Trainees team up with Ferguslie Park Housing Association to deliver 5,000th meal

Young people engaged in the employability programme run by the Tannahill Centre in Paisley, and funded via SCVO’s Community Jobs Scotland (CJS) programme have prepared their 5,000th meal for people in Ferguslie Park who are self-isolating or stuck at home due to social distancing measures.

Trainees team up with Ferguslie Park Housing Association to deliver 5,000th meal

The team of trainees

Working in partnership with Ferguslie Park Housing Association, whose employees have been delivering the meals, ensures that those who have been unable to make it out of the house since the pandemic hit are able to enjoy a home cooked and nourishing meal seven days per week.

The project has also ensured that the young trainees at the much-loved community café located in the Tannahill Centre can continue their catering and hospitality training during lockdown.

Christine Hay and Robert Murray, both home improvements assistant at Ferguslie Park Housing Association have been delivering the meals throughout the pandemic. Christine said: “It’s more than just a meal we are delivering. For some of the people we deliver to we might be the only person they speak to that day, some of the people we already know as they are our tenants, however we’ve also been delivering to council tenants too.”

Robert added: “As we’ve gotten to know people and their circumstances, we’ve been able to refer them onto council services or make enquiries on their behalf. We’ve also helped people access our welfare rights service or purchased a microwave, cooker or digital device on their behalf via our Ferguslie Essentials Fund”.

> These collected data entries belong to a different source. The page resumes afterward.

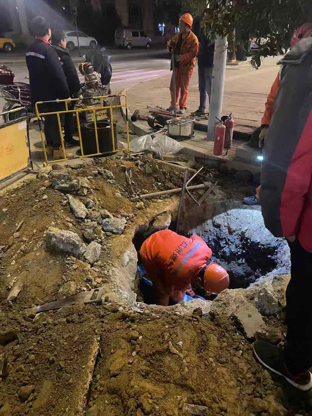 北环路和横政路位于横村镇中心地带,属于城区最主要的主干道,两条路横纵交叉,交叉口便是横村镇政府。2017年北环路和横政路人行道整治时,我公司就跟进埋设了燃气管道,但因其时道路路面未进行整治,且该路段为中心道路,人流、车流较大,因此开挖影响也较大,镇政府未同意我公司关于燃气管横穿道路连接两条路主管的实施方案。今年10月份,位于北环路和横政路交叉口的景秀广场小区住户向镇政府提出燃气配套要求。以此为契机,我公司于11月底通过道路开挖审批。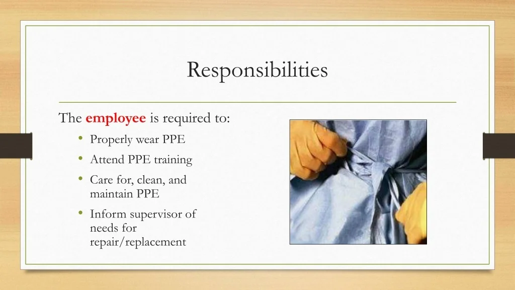 42. Responsibilities The employeeis required to: • Properly wear PPE • Attend PPE training • Care for, clean, and maintain PPE • Inform supervisor of needs for repair/replacement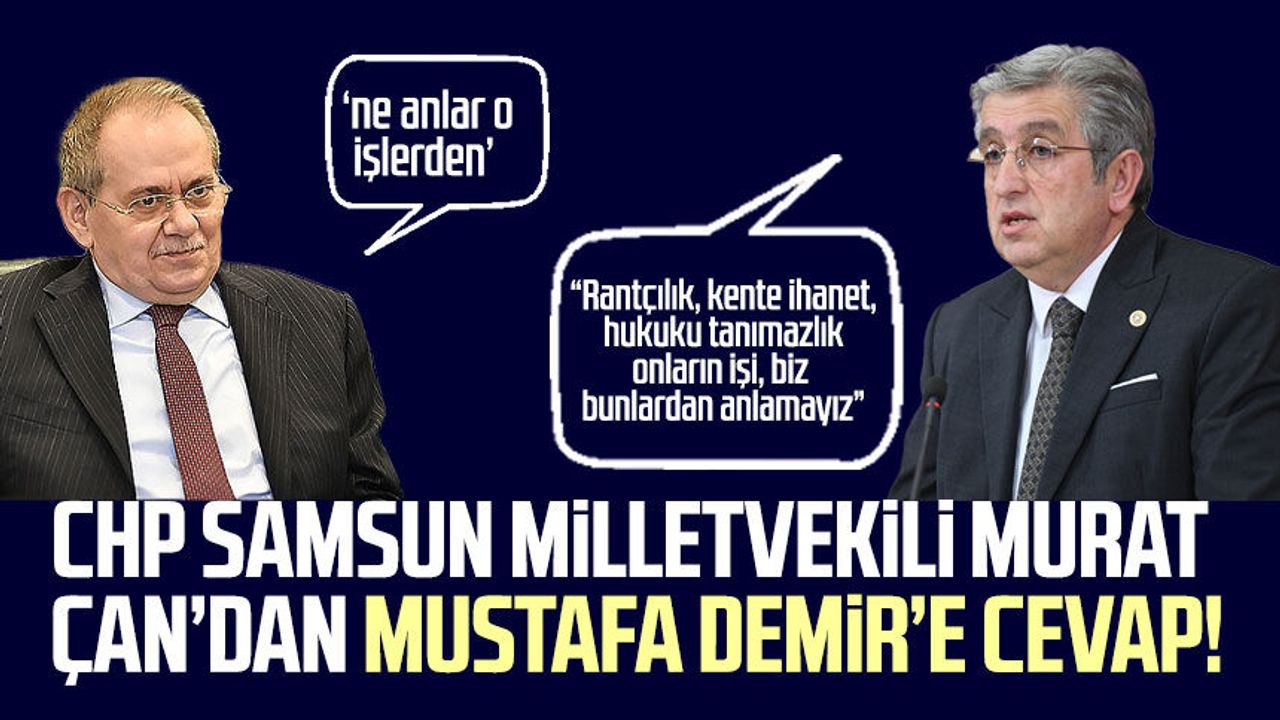 CHP Samsun Milletvekili Murat Çan, TBMM’de düzenlediği basın toplantısında, Atakum’daki marina sahasına yapılmak istenen dolgu projesi ile ilgili değerlendirmelerde bulundu ve projenin akıl dışı ve imar rantı yaratma amacı güttüğünü öne sürerek, Mustafa Demir'e tepkisini dile getirdi.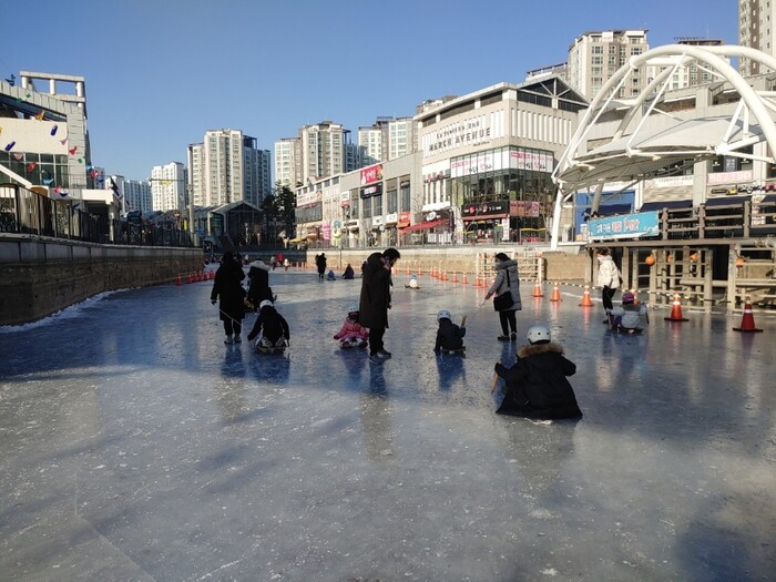 ‘금빛수로 아동 얼음썰매장’은 금빛수로 라베니체 수변무대 인근(장기동 2028번지)에서 오전 10시부터 오후 4시30분까지 13세 이하 아동을 대상으로 무료로 운영되고 아이 1명당 보호자 1명까지만 함께 입장할 수 있다.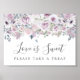 Ajude seus hóspedes a navegar facilmente sua recepção de casamento com este elegante cartaz de bar de sobremesa de casamento DIY. Belas rosas roxas pastéis, lilases e margaridas brancas criam uma bonito borda superior. Amor é doce é escrito em letra de quadril e moda. Muito fácil de personalizar. Seus hóspedes nunca vão adivinhar como este sinal é barato e acessível.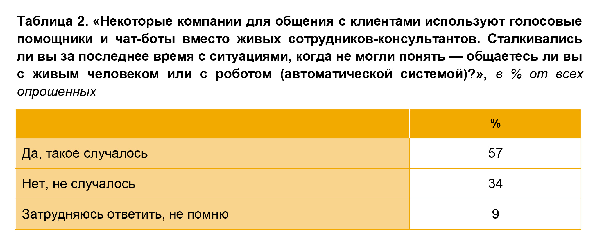 Аналитический центр НАФИ провел исследование[3], чтобы выяснить, насколько россияне удовлетворены общением с «умными» чат-ботами и ассистентами и с какими трудностями сталкиваются.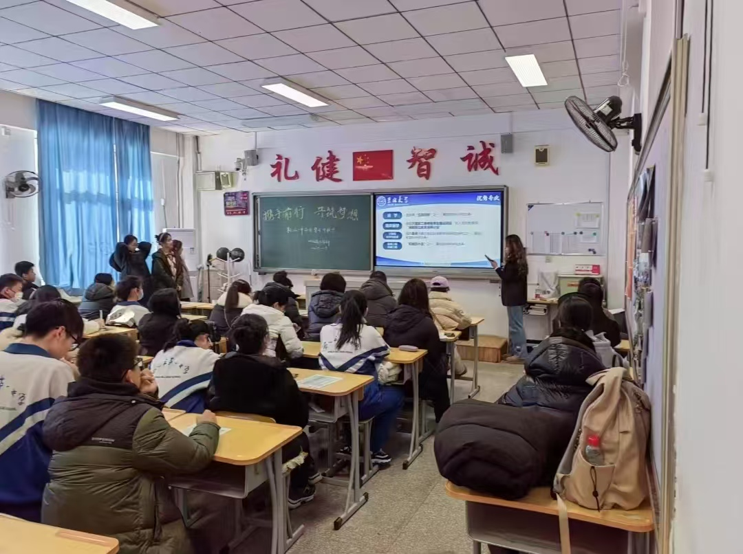 在正式开展宣讲活动之前,宣讲团队进行了充分的准备工作。首先,在负责人的带领下,团队成员制定出了全面详细的策划案。其次,团队成员按照策划案分组进行不同的准备活动。部分成员负责资料搜集和PPT制作,以确保信息的准确性,全面性以及清晰传递。其余成员则负责后勤保障和模拟演练等工作,通过反复打磨演讲稿和宣讲流程,以确保成员在宣讲过程中能够准确、流畅地进行信息传递,增加高中生们的体验感。

The Tannahill Centre café closed to the public back in March 2020 when the UK government initially announced lockdown measures.

Whilst the café is still closed to the public, thanks to the support from Ferguslie Park Housing Association its learning kitchen was able to re-open, providing local young people with the opportunity to restart their placements, learning how to prepare the meals that are being distributed to local people stuck at home.

Trainees team up with Ferguslie Park Housing Association to deliver 5,000th meal

Wullie Clark, senior cook at the Tannahill Centre community café, said: “It’s a double whammy! As well as providing vulnerable people with a decent meal, the young people are getting back into the workplace, learning how to work in a kitchen and getting a head start when it comes to getting a job in the hospitality industry when things get back to normal. So far we’ve been teaching the young people how to work safely in a kitchen, how to prepare and store meals as well as how to follow social distancing measures. We hope this training means they will be well prepared for the world of work once their placement ends.”

Community Jobs Scotland (CJS) is an employability programme delivered by SCVO which works with voluntary sector employers to create job opportunities for unemployed people aged 16 to 29.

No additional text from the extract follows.